天聖騎士団の魔剣使い

龍弥

第1話 天聖騎士団の落ちこぼれ

 青空。何の因果か雲一つない空は吸い込まれそうな程に高く、かつ彼方を見やると何にも邪魔をされずに遠方まで見渡すことができた。高空に輝く太陽はまるで地上を祝福するかの如く陽光を降り注がせ、けれどそんな清々しい天の様子とは対照的な光景が地では繰り広げられている。


 仮に地獄と形容してしまえば、その光景はひどく陳腐に堕ちよう。いや、或いはそう形容するまでもなく、それは陳腐であるのかも知れない。今、この場所において少年――天聖騎士団のエーデル隊に所属するルーカスの目前に現出している光景は、何も珍しいものではないのだから。


 自らの足元へと注がれているルーカスの視線の先。そこに転がっているのは〝肉〟であった。しかし、ただの肉ではない。それは嘗て、少なくとも数時間前まではルーカスと同じように話し、友と笑い合い、仲間と共に戦っていた人間だった筈の、けれど今となっては最早辛うじて元は人間であった事が分かる程度にまで破壊されてしまった肉塊であった。少なくとも付近に首から上は見当たらず、よしんばそれらしいものがあったとしても本当にそれがこの遺体のものであるかは分かるまい。


 そう。この場に存在する遺体は、何もルーカスの足元にあるそれだけではないのだ。少し視線を巡らせるだけでも容易に視界に飛び込んでくる人間の腕や足、或いは千切れ、苦悶のまま固まった首。原型が残っているならばまだ良い。中にはルーカスの足元に転がっているそれのように身元すら特定できるかさえ分からない程にまで損壊したものも、決して少なくはないのだ。


 そんな同胞であった者らの惨状を目にする度にルーカスの胸中に生まれるのは冥福の祈りと、それに匹敵する程の無力感。或いはこの手に戦うための力があったのなら、たとえいつか自分も死んでしまうのだとしても誰かひとりでも救えるかも知れないのに、と。されど現実として彼は無力で、こうしてせめて冥福を祈りながら死体をひとつずつ丁寧に処理していくことが、彼の仕事のひとつであった。


「ルーカス君さ、だいぶエーデル隊に慣れてきたよね」


 唐突に背後から投げかけられる声。戦場においての事後処理中、死体処理の担当になっている隊員は感染症対策の防護服を着用しているため後方からでは個人が特定しにくい。
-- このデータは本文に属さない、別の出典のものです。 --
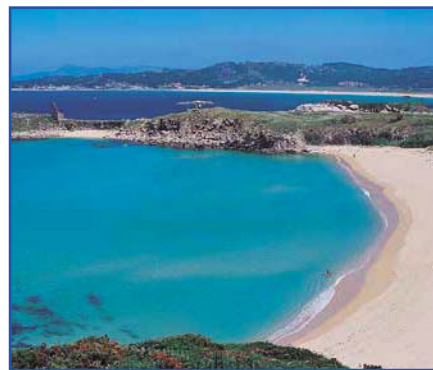
Playa Foxos y Lanzada (al fondo)

けれどその声にルーカスか聞き覚えがあった。同じくエーデル隊所属であり、彼にとっては先輩にあたるキャロルという女性隊員だ。彼女の言葉に、ルーカスは死体処理の手を止めないまま答える。


「そうですかね?」

「うんうん。前まで全然動けなくて、怒られてばかりだったのに」

「騎士団の役に立てるように頑張ろうって決めたので。沢山失敗もしましたけど、その分だけできる事も増えたので、良かったと思ってます」


 言いながらルーカスは蛆や蠅を取り除いた遺体を死体袋に入れ、最後に祈りを捧げてからそれの封をした。その祈りというのも特定の信仰に則っている訳でもない何処か不格好なそれではあるけれど、それでも彼の思いが機械的なそれではない事だけは誰の目から見ても明らかであった。


 確かにキャロルの言う通り、エーデル隊に配属されたばかりの頃のルーカスは殆ど足手纏いの状態であった。自らの使命に対し真摯に向き合う所は今と変わらないものの、その様子は不慣れの一言であり先達の怒りを買う事も少なくなかった。尤も、ルーカスがエーデル隊に配属された経緯を考えればそれも致し方ない事かも知れないが。
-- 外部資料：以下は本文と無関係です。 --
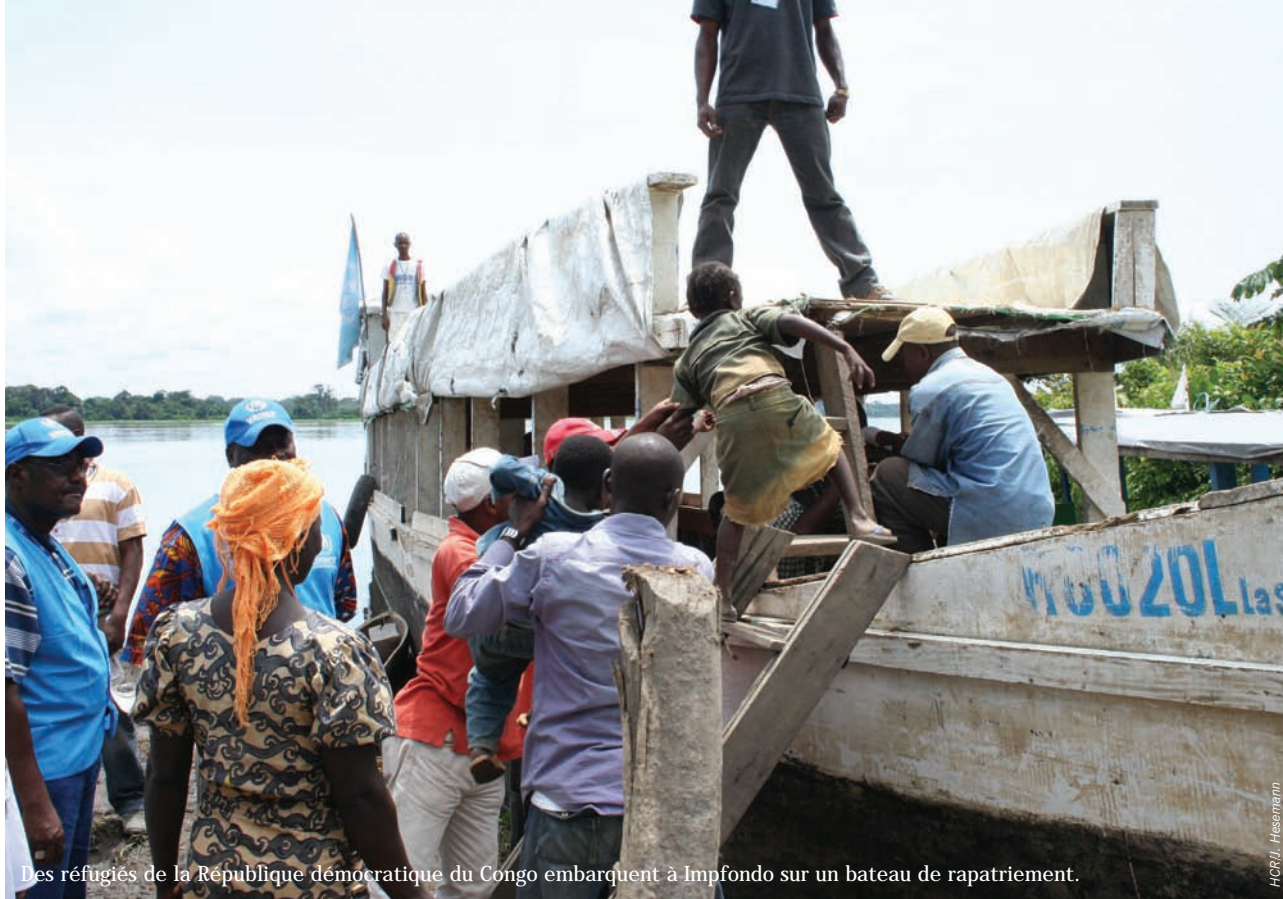
Des réfugiés de la République démocratique du Congo embarquent à Impfondo sur un bateau de rapatriement.

 それが今では仕事を十全にこなし、死体処理だけではなく救急行為などにおいても自ら率先して行動するためそれなりに重宝されるようになっている。少なくとも仕事量という点において、彼はエーデル隊の中でも一目置かれる存在であった。無能な働き者などではない。


 たった今処理を終えた死体袋を運搬を行う人員に任せ、ルーカス自身は次の作業へ。キャロルも殆ど同時に処理を終えていたのか、彼の付近で再び死体処理の作業を始めながら口を開いた。
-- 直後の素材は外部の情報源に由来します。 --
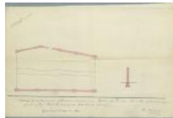
Van Genechten W., Staatsbaan van Antwerpen naar Turnhout, bouwen afsluitingsmuur, 17/12/1903 (BOUW#1903/3775)
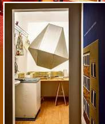
Mehr Ostalgie geht kaum: original DDR-Waschmaschine, eine Wabe vom Centrum-Warenhaus sowie das Modell der Prager Straße.
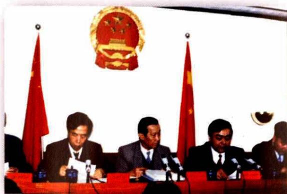
听取地区行署工作报告

「……エーデル隊に転属になった事、不満に思ってたりしないの?」

「え?」

「ホラ、からここに来ると、どうしても地位が低くなるじゃない? だから転属になった人は1週間も経たずに辞めちゃう事も珍しくないんだよ。ルーカス君はよく続いてるよ。あんなに怒られるなら、私なら来なくなっちゃうかも」


 そう言うキャロルの表情は、ルーカスからは見えない。そもそも別々に作業をしているため視界に映っておらず、よしんば共に作業をしていたとしても防護服に隠れてしまっていただろう。だがルーカスには、今のキャロルの表情が少なくとも明るいそれではない事は分かった。それでも自分は努めて明るく振る舞おうとして、しかし靴底に伝わってきた異様な感覚に思わず顔を顰める。


 見れば、そこにあったのは血溜まりの跡と思しき泥濘ぬかるんだ土。それだけなら戦場跡の何処にでもあるものだが、明らかに異質なのはその色だ。人間の血は深紅、或いは赤黒であるが、その箇所は闇のような漆黒に濡れていた。


 だがその血の正体を彼は知っている。彼だけではない。まず天聖騎士団の団員であるなら、それを見間違う者はいまい。何故ならその血は天聖騎士団、ひいては人類の敵であり、同時にこの戦場に死を充満させた下手人――最悪の化生たる〝悪魔〟の血であるのだから。


 そして、その悪魔に対抗するべく人間が組織した〝天聖騎士団〟には救護と事後処理を担うエーデル隊の他に対悪魔の戦闘を行う実戦部隊が存在する。ルーカスは元々そちらに志願していて、けれどとある事情からエーデル隊に転属させられたという過去があった。


 それに全て納得しているのかと問われれば、恐らく彼は否と答えるのだろう。けれど今になって不平不満を口にするつもりは、彼には皆無であった。たとえ悪魔から人々を守る事はできずとも、エーデル隊の職務も騎士団や人々にとって重要なのだから。


「アハハ……剣は握れなくても、他の人を助けたりはできるじゃないですか。たとえ部隊は違っても、誰かの力になりたいから。だから此処にいるんです」

「そっか。……もうルーカス君は十分戦力になれてるよ。抜けちゃったら代わりを探すのは大変だから。できれば辞めないで欲しいかな」


 冗談めかしたその声音に、苦笑を漏らすルーカス。キャロルの言葉は内容だけを見ればルーカスをより働かせようとしているようにも聞こえるけれど、誰かに必要とされていると思えば悪い気はしなかった。けれど――


「今のところは辞めないですよ。もし辞める事があるとすれば……そうですね、余程の事があった時だけですから」


 ――決めた筈なのだ。望んだ筈なのだ。たとえ実戦部隊に所属する騎士として悪魔と戦い、人々を守る為に生きられずともエーデル隊として働くと。形は違えど、エーデル隊とて人の命を救っている事に違いはないのだから。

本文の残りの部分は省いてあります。